Q5. Why do objects float in a liquid? (1 Mark)

Ans: Objects float when their density is less than the liquid's density.

Q6. State the universal law of gravitation. (2 Marks)

Ans: According to the universal law of gravitation, every object in the universe attracts every other object with a force which is directly proportional to the product of their masses and inversely proportional to the square of the distance between them.

Q7. Why does a sheet of paper fall slower than a crumpled ball? (2 Marks)

Ans: The sheet of paper has a larger surface area, so it experiences greater air resistance than the crumpled ball, which falls faster due to lesser air resistance.

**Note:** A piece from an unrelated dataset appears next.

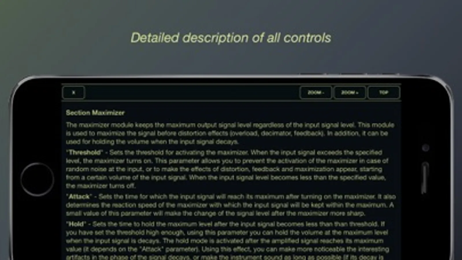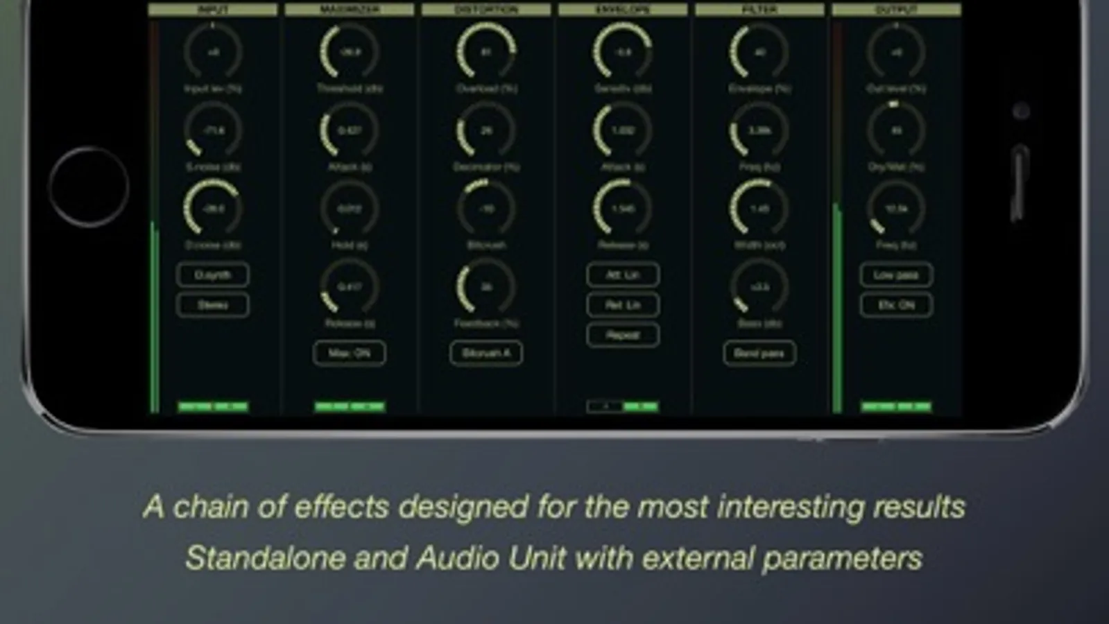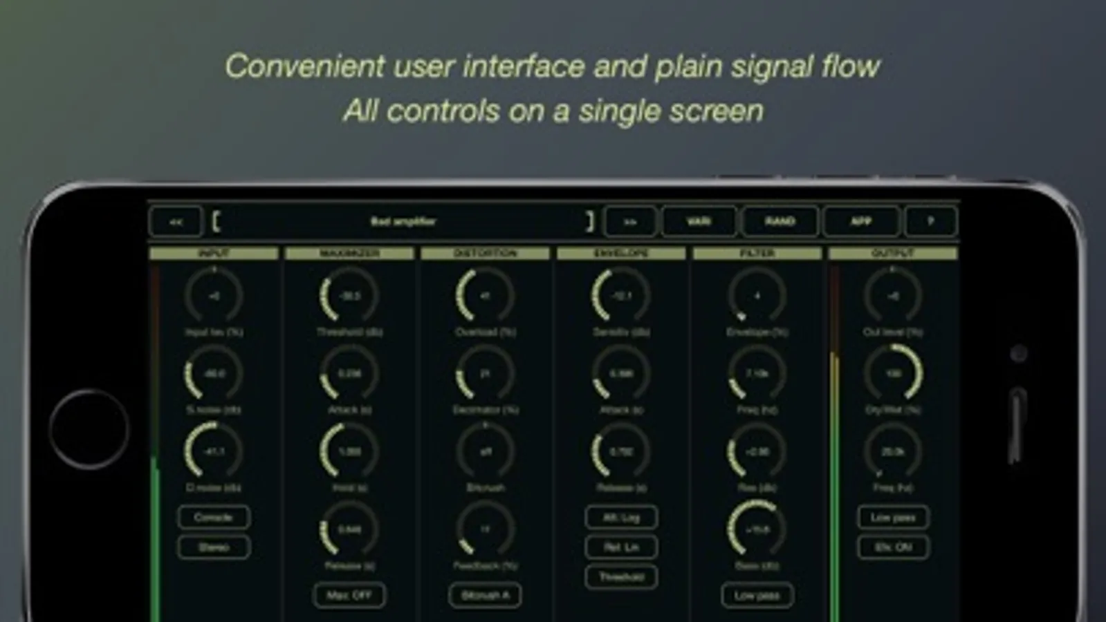 All controls are located on a single screen, grouped by function into six sections with a plain way of signal path from the first section "Input" to the last section "Output". The chain of individual effects in this app is designed in such a way as to get the most interesting result for any parameter values in the widest possible range.

Q8. Define thrust and pressure. (2 Marks)

Ans: 

• Thrust is the force acting normally on a surface.

• Pressure is the thrust per unit area. Its SI unit is Pascal (Pa).

Q9. Calculate the gravitational force between the Earth and a 1 kg object on its surface. Given: Mass of Earth = 6 × 10²⁴ kg, Radius of Earth = 6.4 × 10⁶ m, G = 6.7 × 10^-11 N m² kg^-2.  Explain why this force is significant. (3 Marks)

Ans: Using F = G × (M × m) / d²
F = (6.7 × 10^-11 × 6 × 10²⁴ × 1) / (6.4 × 10⁶)²
F = (6.7 × 6 × 10¹³) / (4.096 × 10¹³)
F = 40.2 / 4.096 × 10⁰ = 9.81 N
Significance:
This is the gravitational force acting on a 1 kg object on Earth, also called its weight. It causes the object to accelerate downward at 9.8 m/s², which keeps everything grounded on Earth and governs the motion of falling objects.

Q10. Describe Archimedes' principle with an example. (3 Marks)

Ans: Archimedes' principle states that when a body is immersed fully or partially in a fluid, it experiences an upward force (buoyant force) equal to the weight of the fluid displaced by it.
Example: A ship floats in water because the upward buoyant force balances its weight.

Q11. How does the gravitational force between two objects change if:
(i) The mass of one object is doubled?
(ii) the distance between them is halved?
(iii) Both masses are doubled?   (3 Marks)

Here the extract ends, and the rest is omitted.